From almost directly overhead came the ripping roar of J.B.’s Uzi, loud even over the ceaseless bellow of the volcano. With a rending, wrenching sound, the curved blades were yanked out of the vehicle’s roof.
“Snake…” the Armorer shouted, a sudden crackle of noise like skyscraper-size firecrackers going off drowned most of his words.
“What?”
“I said, it’s a bastard rattlesnake, the biggest bastard snake I ever saw!”

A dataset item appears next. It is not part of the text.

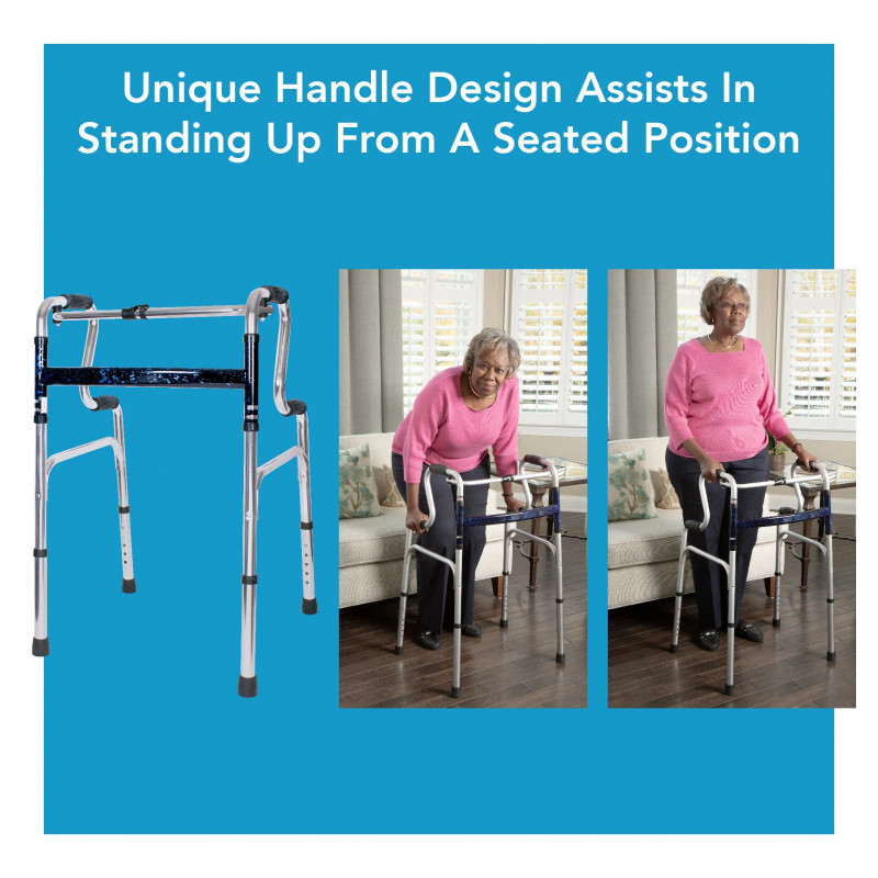 Get help sitting, standing, and walking with the Carex Uplift Walker. The walker for adults is height adjustable from 30" to 37" for various heights. An easy single-button design allows the lightweight walker to fold for easy transport and storage. Its matte silver finish with a blue crossbar adds a sense of flare.

Ryan stuck his head out the window and craned his neck around. Silhouetted against a demonic sky, a head as wide across as Ryan’s own shoulders reared up ten or a dozen feet above the Hummer on an impossibly thick body. Ryan wondered for an endless interval between one heartbeat and the next whether the creature was actually that huge or whether its size was an illusion produced by the glaring, ever-shifting light.
The head split open into a vast flame-yellow mouth. Its fangs, each as long as one of Ryan’s arms, unfolded like the blades of a lock-back knife. As Ryan slammed the accelerator home, the head darted forward with dizzying speed, fangs thrusting ahead of it like spears.